Provided material START

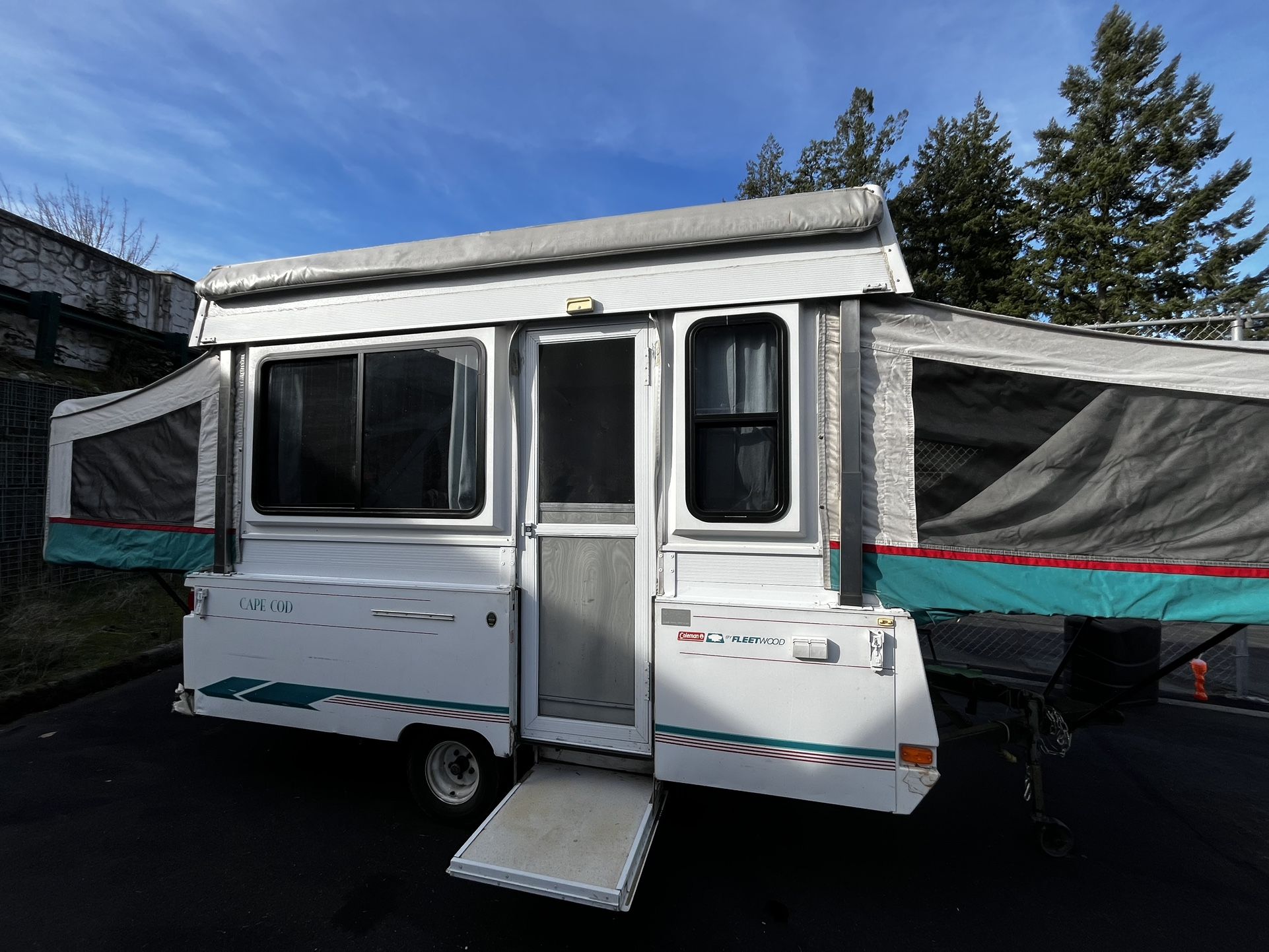 Trailer extends to 22.5 feet long and roughly 7 ft tall inside. Has been stored under cover in a dry place for the past 7 years. In good shape and clean. One side is a queen size bed and the other is a king. Table area turns into another sleeping area. Sink with new faucet for easier washing, fridge, 3 burner stove top, outside stove top. Comes with 2 propane tanks, a brand new camping portable toilet, space heater, and fake grass rug for under the awning. A few more items as well. Always put away dry and cared for.
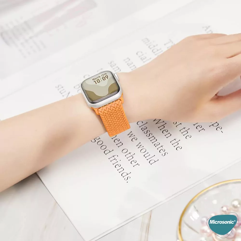 Microsonic Apple Watch SE 3 44mm Kordon, (Large Size, 160mm) Knitted Fabric Single Loop Turuncu
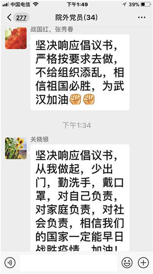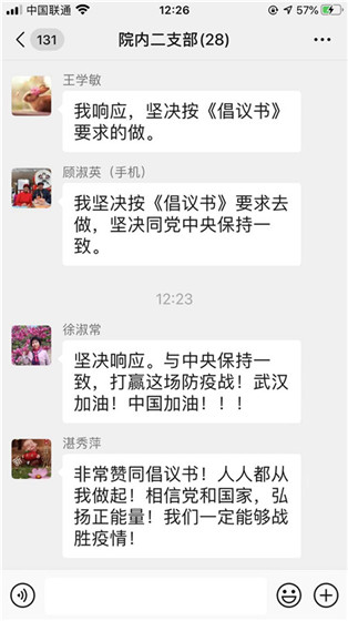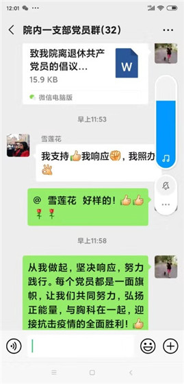 为贯彻落实习近平总书记关于疫情防控的重要指示精神,响应北京市委、市政府及医院相关新冠肺炎疫情防治工作部署,发挥基层党支部的战斗堡垒作用和党员的先锋模范作用,响应北京市委组织部发出的行动令,离退休6个党支部向全体离退休党员同志发出倡议:面对疫情,提高政治站位;主动担当,发挥模范带头作用;依法依责,加强微信群管理;共抗“疫”情,共产党员争先。倡议一经发出,老党员们反响热烈,纷纷表示坚决听从党中央的领导,与党中央保持一致,从我做起,弘扬正能量,对国家负责,对社会负责,对家庭负责。在疫情面前,在这没有硝烟的战场,同样考验着每一位共产党员。

Provided material END

Reproduce the lines above, exactly and exclusively, from the line containing "Microsonic Apple Watch" down to the last line, both included; pictures are not part of the copy.

» **Answer space**:
 Microsonic Apple Watch SE 3 44mm Kordon, (Large Size, 160mm) Knitted Fabric Single Loop Turuncu
 为贯彻落实习近平总书记关于疫情防控的重要指示精神,响应北京市委、市政府及医院相关新冠肺炎疫情防治工作部署,发挥基层党支部的战斗堡垒作用和党员的先锋模范作用,响应北京市委组织部发出的行动令,离退休6个党支部向全体离退休党员同志发出倡议:面对疫情,提高政治站位;主动担当,发挥模范带头作用;依法依责,加强微信群管理;共抗“疫”情,共产党员争先。倡议一经发出,老党员们反响热烈,纷纷表示坚决听从党中央的领导,与党中央保持一致,从我做起,弘扬正能量,对国家负责,对社会负责,对家庭负责。在疫情面前,在这没有硝烟的战场,同样考验着每一位共产党员。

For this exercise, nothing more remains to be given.